5 jours que nous avons commencé notre périple. Et nous ne sommes pas encore arrivés à destination. Du coup c'est Tim qui va faire la queue pour les tickets du bateau – si j'y vais le ferry est capable de rencontrer un Iceberg au milieu de la mer des Caraïbes –. A 11 heures, j'avance avec un autre naufragé de l'aéroport de Trinidad et nous voyons Tim, grand sourire, les pouces levés. C'est fait, on a les tickets, direction Tobago !!!

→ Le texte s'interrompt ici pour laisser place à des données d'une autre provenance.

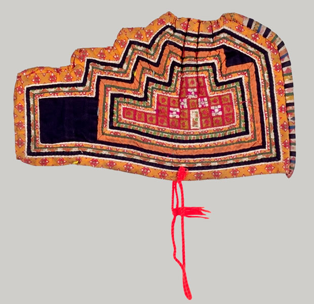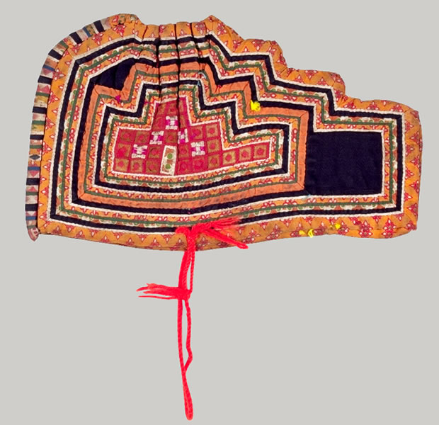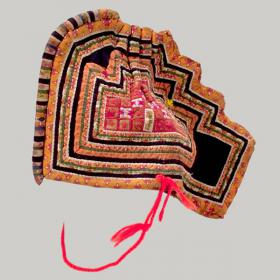 タイ・ミャオ族 Meo (also Miao or Hmong) of Thailand 20 世紀 20th century CE 高 16.0 cm, 長 27.0 cm H. 16.0 cm, L. 27.0 cm タイの山岳に住むミャオ族の子供がかぶる帽子です。鶏のトサカを模したこのような帽子には、子供が悪霊にさらわれないようにという願いがこめられています。この帽子は女児用で木綿にアップリケや重ね縫いで模様を施しています。ミャオ族は中国、ヴェトナム、タイ、ラオスに居住していますが、彼らの起源や名称、歴史については、まだ多くは明らかにされていません。一般的にミャオ族と称される彼らの自称はモン族です。 A girl's cap shaped like cockscomb from a Miao village in Thailand . Children wear such cockscomb caps to protect themselves from evil spirits. This cotton cap is decorated with applique, overlapped sewing, and wool. The Miao are mountain-dwelling peoples of China , Vietnam , Laos , and Thailand , and they call themselves Hmong. Much of their origin and history remains unknown. |

Le bateau met 5 heures, ça remue sévère, ça vomit beaucoup et Tim dit « plus jamais ça ! ». Un taxi nous attend à Tobago, l'hôtel n'a plus notre chambre pour ce soir, mais c'est pas grave, au point où on en est ! Les vacances commencent enfin.

 

Jeudi

 

Pluie.

 

Vendredi

 

Pluie.

 

Samedi

 

Pluie, sans arrêter. Nous sommes dans les Caraïbes, et il pleut autant qu'en Bretagne un soir d'automne. D'ailleurs, le soir, l'électricité disparaît. Jérémy la guigne. Bon, jusque là ça allait bien en fait, car nous avons un autre souci : notre carte bancaire ne fonctionne plus. Tous les deux. Pas grave, lundi mon plafond doit augmenter, et je vais pouvoir retirer (et payer notre hôtel, notre bouffe, etc).

 

Lundi

 

Il y a une seule machine. Elle fonctionnait. J'arrive retirer de l'argent. « Sorry, out of service ». La machine n'a plus de cash. Jérémy la guigne. Je doit partir le lendemain à Trinidad. Je n'ai pas de ticket d'avion (il n'y en a plus avant plusieurs jours). Et c'est pareil pour le ferry.

 

Mardi

 

J'obtiens après 2 heures de queue un ticket pour le ferry. Pas malade. Et un vieux copain est de l'autre côté pour ma dernière journée. Il veut m'emmener à sa plage favorite, l'un des plus beaux lieux de l'île... il ignore alors qu'il transporte Jérémy la guigne. A dix kilomètres du but, nous sommes bloqués : un glissement de terrain ayant bloqué la route ! Jérémy la guigne. Elle ne sera débloquée que le lendemain.

 

Mercredi

 

J'arrive à l'aéroport. Tim est là. Le ferry de ce matin était... en panne (forcément, je l'avais emprunté la vieille) et il a eu énormément de chance : un type très sympa lui a filé un ticket d'avion très discrètement. L'avion est... retardé de 4 heures. Bon, Jérémy la guigne, c'est bientôt fini !??? Perdu, l'avion n'est toujours pas là. Nous l'imaginons dans les airs, ne souhaitant parsatterrir pour me rencontrer, moi terrible malade, marabouté depuis 10 jours. Il arrive finalement avec 5 heures de retard sur l'horaire et nous emmène au Surinam. Nous rentrons le vendredi en Guyane.

 

Le bilan ? Un avion manqué, un ticket annulé à l'aéroport, 3 jours de vacance perdus dans des transports, 4 jours de pluie, un carte bancaire en difficulté (mais c'était pire pour Tim), des hôtels réservés dans le vent, du vomi... et bonne année ! Jérémy la guigne.